Former Live Well CEO Hild’s motions for an acquittal or new trial are denied

Hild is scheduled to be sentenced in January after a long delay following the trial in April 2021

The motion by Michael Hild, former CEO of defunct reverse mortgage lender Live Well Financial, for an acquittal or new proceeding in his bond fraud trial has been denied, according to an order from the presiding judge. Hild is now slated to be sentenced in January 2023.

Hild, who in April 2021 was found guilty of playing a role in a fraud scheme that artificially inflated the value of the former lender’s bonds, argued in the motion that he did not receive adequate counsel by his former attorney, Benjamin Dusing, related to a series of legal difficulties and disputes.

Shortly after the verdict was handed down, Hild enlisted the services of a new attorney with a specialty in the appeals process, who requested a new trial based on arguments of the sufficiency of trial evidence.
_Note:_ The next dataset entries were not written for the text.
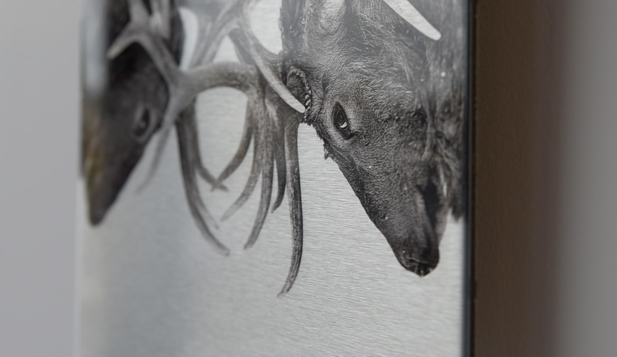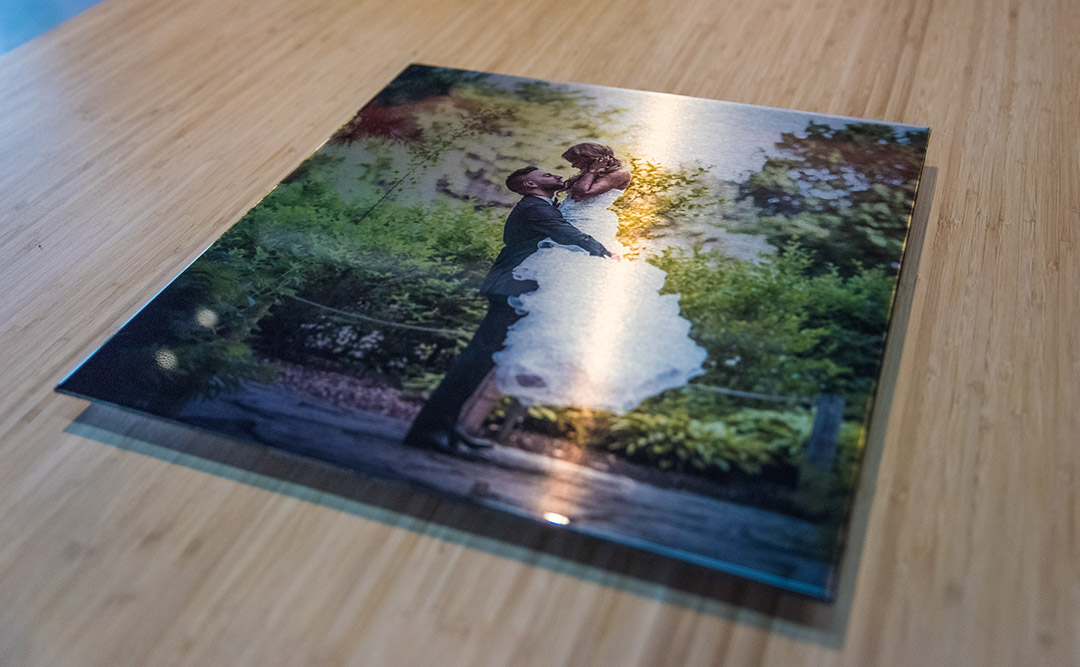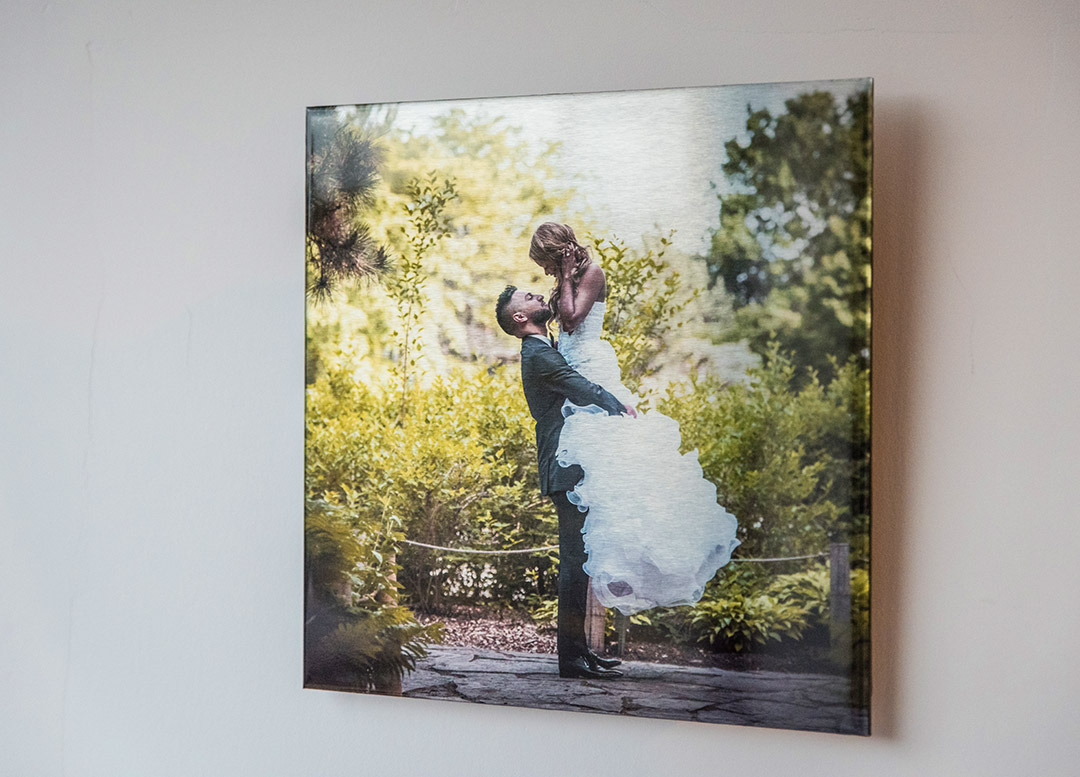 We provide a unique combination of brushed metal look with a thick, glossy topcoat that graces the surface of your image for that gorgeous modern look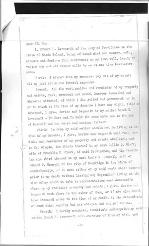 I, Howard P. Lovecraft of the city of Providence in the State of Rhode Island, being of sound mind and memory, make, execute and declare this instrument as my last will, hereby revoking any and all former wills by me at any time heretofore made.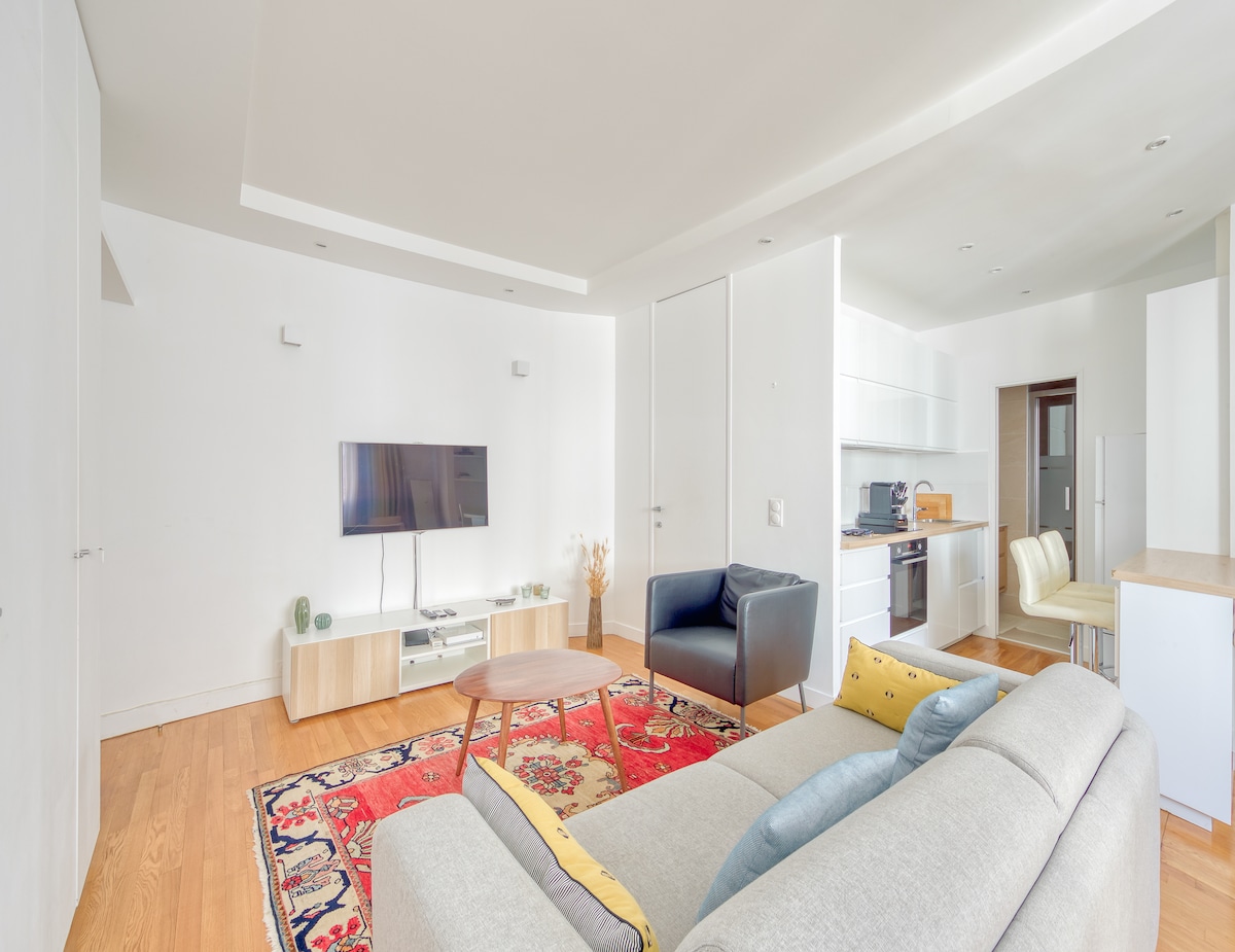 Þetta 31 m2 stúdíó var endurnýjað að fullu árið 2021 í hjarta Parísar, steinsnar frá Champs Élysées og Parc Monceau. Þetta stúdíó er með: - Tvíbreitt rúm - Skápar, straujárn, - Snjallsjónvarp - Þráðlaust net - fullbúið eldhús - þvottavél, þrif/þurrkun, þurrkgrind - baðherbergi með stórri sturtu, snyrtingu, hárþurrku - vinnurými með skrifborði Nokkrar mínútur að ganga: neðanjarðarlest, bakarí, veitingastaðir, þvottahús, smámarkaðir, apótek.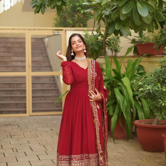 - Women’s Faux Blooming Embroidery Zari Sequins Work Gown with Dupatta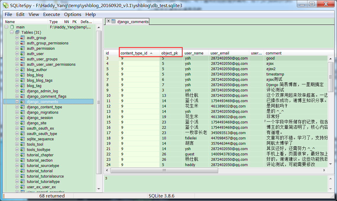 object_pk是对应的博文id值。例如图片第一条记录表示有人在我博文id为5评论了一条“good”。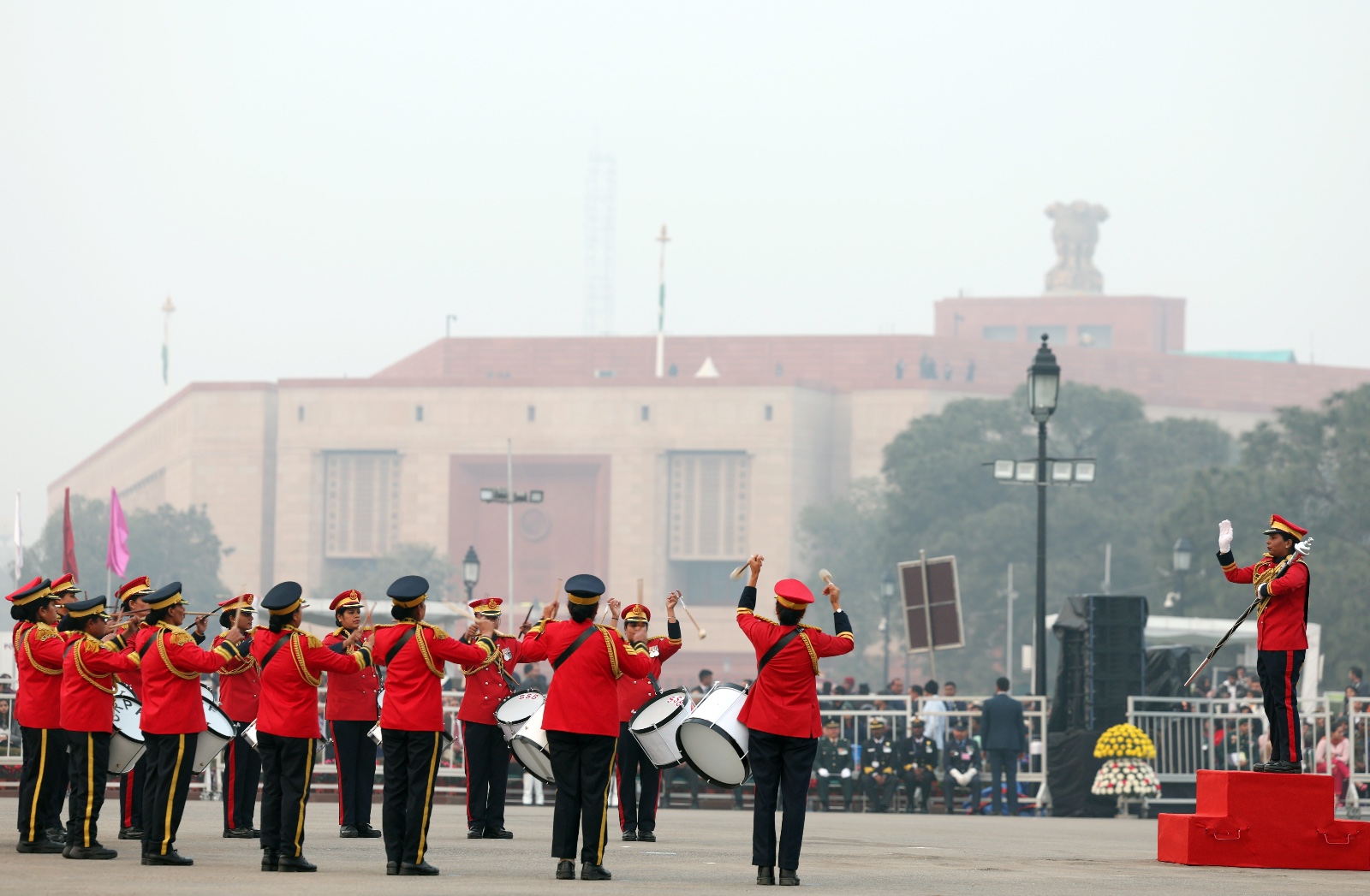 This grand event takes place at Vijay Chowk, between Rashtrapati Bhavan and India Gate, presided over by the President as the supreme commander. Bands from the Indian Army, Navy, Air Force, Delhi Police, and Central Armed Police Forces (CAPF) perform patriotic tunes in perfect synchronization.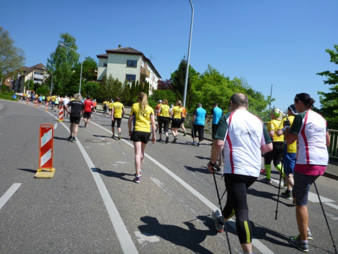 In Böckingen, keine drei Kilometer mehr zum Finish, heizt uns die Gundelsheimer Guggemusik ein. Recht schräg, aber es sorgt für Stimmung, auch wenn man fast glauben mag, die können gar nicht spielen. Der 40. Kilometer: „Vom Ziel träumt man nicht, sondern erreicht es“, heißt es auf dem Schild. Aufgeben ist jetzt ein No-Go.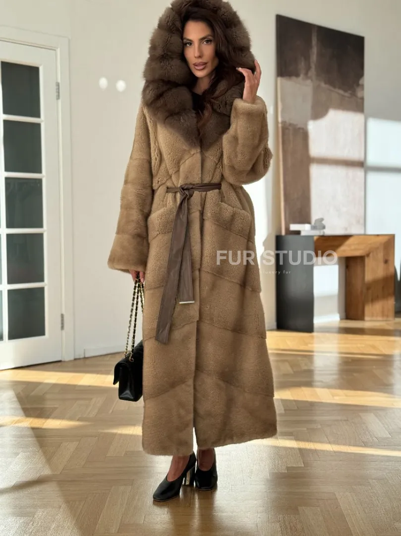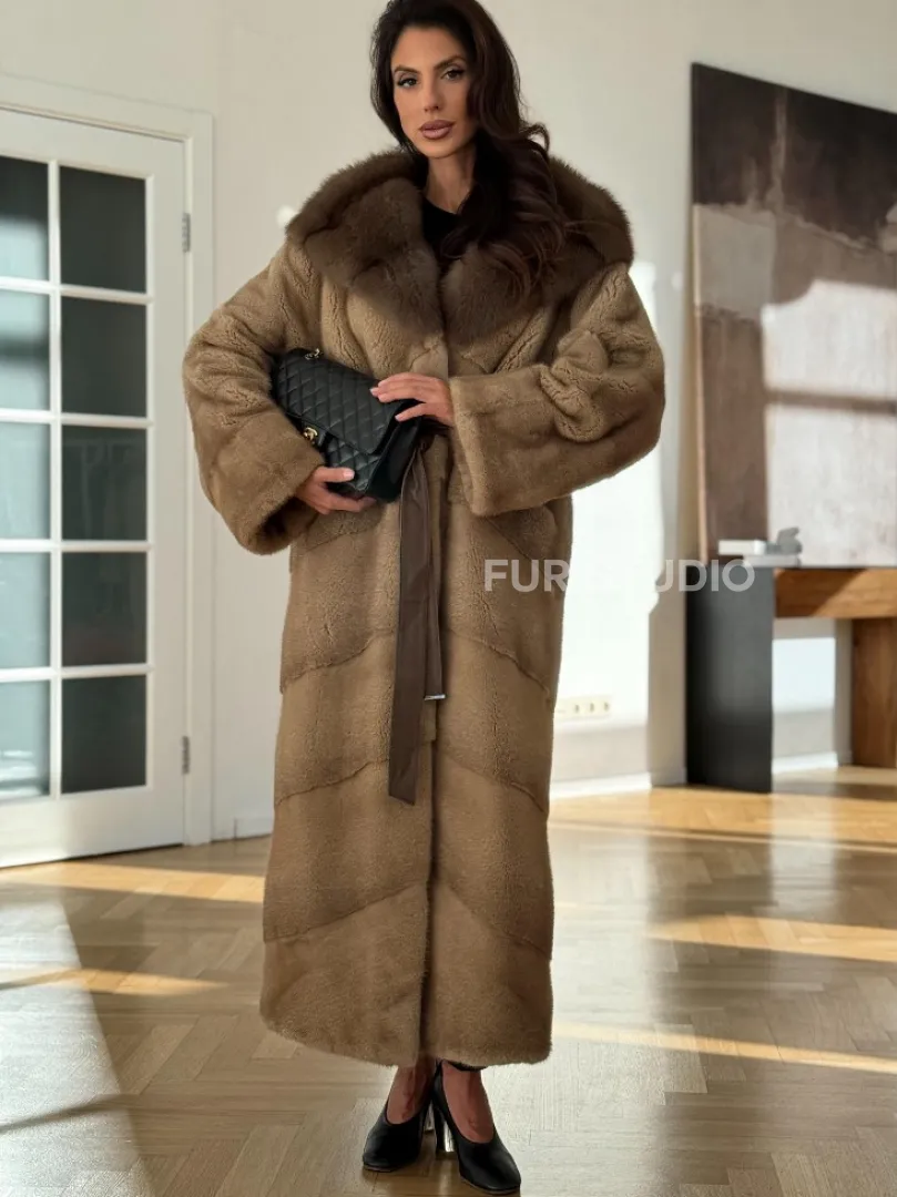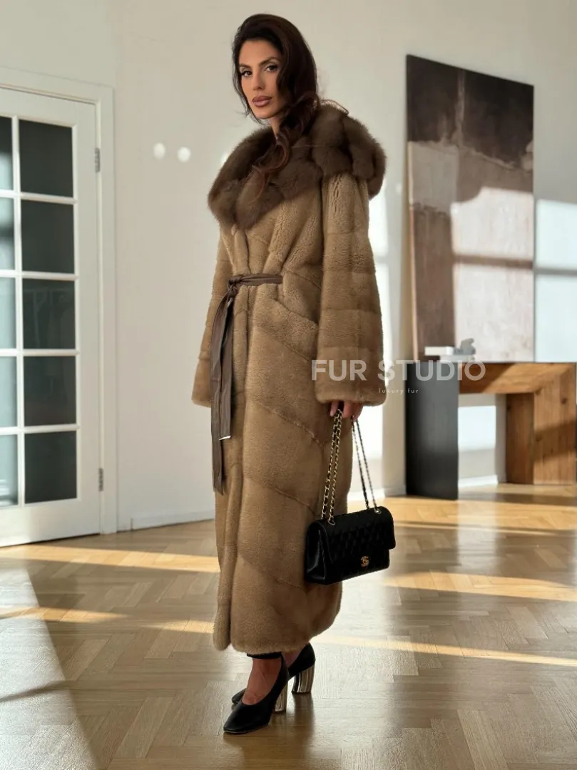 Норковая шуба бежевого цвета - капюшон куница доступна для покупки в нашем шоуруме Furs Studio в Москве. У нас так же есть доставка во все города России. Добавьте немного роскоши в свой гардероб с этой шубой, которая будет служить вам многие годы.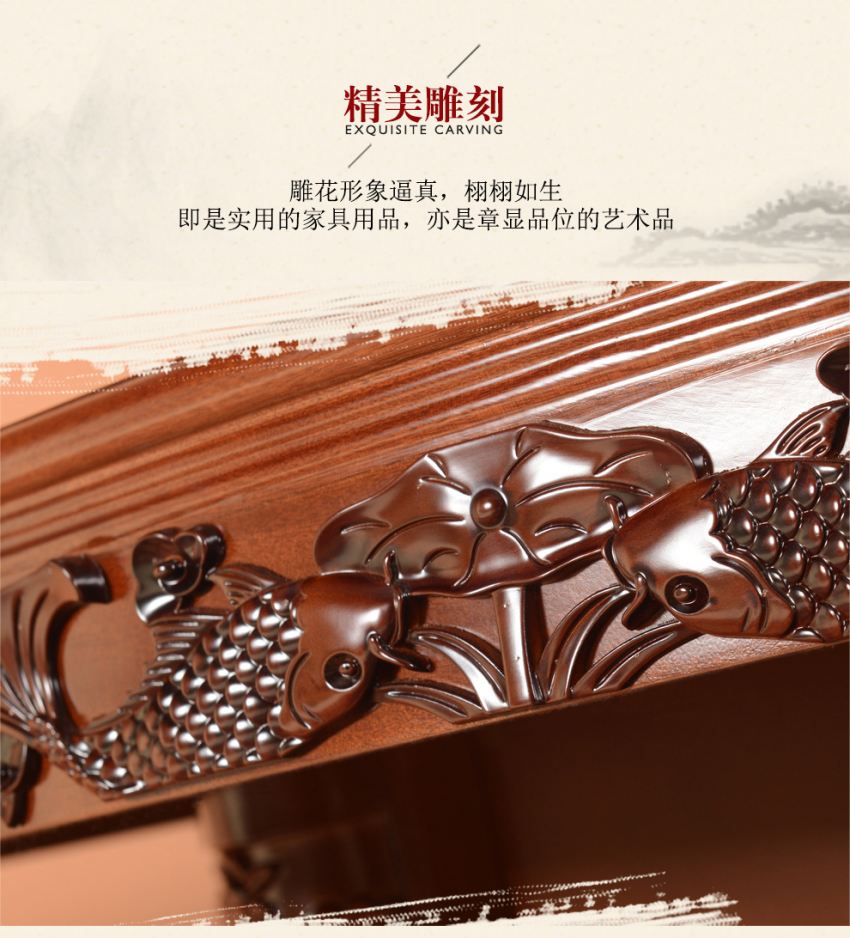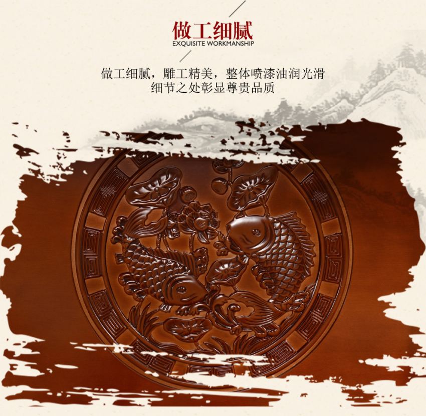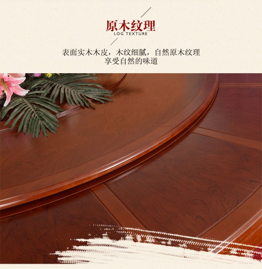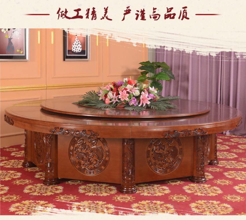 宝鸡电动大圆餐桌采用现代中式风格设计,双鱼图案形象逼真栩栩如生,寓意吉祥如意,年年有余。即是实用的餐桌家具用品,亦是彰显品位的艺术品。大圆桌整体采用环保油漆,触感油润光滑,硬度高,防刮耐烫。天然原木纹理更加细腻,随时突出自然气息。主材料选用

However, Judge Ronnie Abrams denied the motions for acquittal and a new trial in a 64-page order released on Wednesday morning. Judge Abrams noted in the order that the facts as presented by Hild’s team did not indicate either that Hild’s trial representation was deficient, nor that a different result would’ve been reached based on the defense’s sufficiency of evidence argument.

“[T]he Court concludes that Dusing’s representation of Hild at trial was not constitutionally deficient,” Abrams wrote.

Hild is now scheduled to be sentenced on January 27, 2023. Hild’s attorney did not immediately return a request for comment.

In April 2021, the jury in the case determined that Hild participated in an effort to fraudulently inflate the value of the company’s bonds by approximately $200 million in order to allow it to borrow more money.

The government alleged that this allowed Hild to personally profit off of the act by increasing his own compensation. Hild’s compensation went from approximately $1.4 million in 2015 to approximately $5 million in 2016, reaching approximately $9.7 million in 2017 and over $8 million in 2018, according to the U.S. Department of Justice (DOJ).